So sorry, Mr. Jones.
Hey, man.
Welcome to number 5-0-0.
This is awesome.
First of all, out of the gate,
let me thank all you guys who are out there listening,
all you pavement pounders,
new listeners, medium-range listeners,
part-time listeners,
people that have heard every episode from the beginning.
Thank you, thank you, thank you for being part of this.
And it is such a blast for me to do this show.
Such a blast to get your feedback.
As a matter of fact, next show, number 501,
we're going to get into the listener mailbag,
and I'm going to be reading a bunch of your letters.
But it's been a great ride, man.
A lot of nutty characters, a lot of stories.
A lot of opinions, a lot of thoughts, a lot of who knows what else.
And we're just going to keep it coming, man.
I don't know if we'll do another 500.
I can only hope and pray we do.
Will I be alive that long?
Who knows?
I certainly hope so I hope I do another like 5,500.
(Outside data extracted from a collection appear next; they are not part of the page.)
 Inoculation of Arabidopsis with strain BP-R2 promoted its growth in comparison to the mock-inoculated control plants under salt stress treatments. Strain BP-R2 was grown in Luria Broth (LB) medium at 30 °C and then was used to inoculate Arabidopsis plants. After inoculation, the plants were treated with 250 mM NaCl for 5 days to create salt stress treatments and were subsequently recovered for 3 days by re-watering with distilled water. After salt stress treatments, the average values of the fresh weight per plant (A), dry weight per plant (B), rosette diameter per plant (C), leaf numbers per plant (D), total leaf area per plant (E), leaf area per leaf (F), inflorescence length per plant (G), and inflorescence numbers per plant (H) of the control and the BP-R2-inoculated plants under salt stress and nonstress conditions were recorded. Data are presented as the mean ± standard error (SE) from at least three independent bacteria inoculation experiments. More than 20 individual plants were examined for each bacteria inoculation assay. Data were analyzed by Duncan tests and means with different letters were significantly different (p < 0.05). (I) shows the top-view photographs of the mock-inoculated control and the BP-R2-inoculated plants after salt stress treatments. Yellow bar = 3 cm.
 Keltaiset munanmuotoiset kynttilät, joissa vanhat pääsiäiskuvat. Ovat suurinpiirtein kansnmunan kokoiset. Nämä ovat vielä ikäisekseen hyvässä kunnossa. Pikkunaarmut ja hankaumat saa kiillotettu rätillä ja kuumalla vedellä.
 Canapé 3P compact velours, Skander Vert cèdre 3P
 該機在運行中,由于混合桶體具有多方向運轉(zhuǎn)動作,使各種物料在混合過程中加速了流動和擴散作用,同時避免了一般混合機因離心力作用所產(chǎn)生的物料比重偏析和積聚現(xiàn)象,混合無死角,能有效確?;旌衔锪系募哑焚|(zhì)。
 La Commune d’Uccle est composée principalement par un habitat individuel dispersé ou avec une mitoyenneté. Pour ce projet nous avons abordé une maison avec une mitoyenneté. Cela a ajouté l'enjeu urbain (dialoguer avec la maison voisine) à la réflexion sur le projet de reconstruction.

Now I'm getting greedy and selfish.
But thanks for being here.
Please tell your friends.
I hope that more and more people get on the Harland Highway and enjoy
because it is a fun, fun bag of carnival treats to do this.
And hold on.
I got a message indicator on my phone here.
Yeah, I know I shut my phone.
off when I'm recording, Roger, but
when I get messages, I want
to hear them. Did you mind if I
play my own phone messages for
two seconds? And then
we'll get back to the show? Thank you.
Wow. Let me listen to my
phone message here. Hi, this
is Harland. I'm not
available right now, so
please leave me a message, and I will
get right back to you. Thanks.
Hello. Hello.
Oh, Holland, it's your aunt Ruthie calling Angel.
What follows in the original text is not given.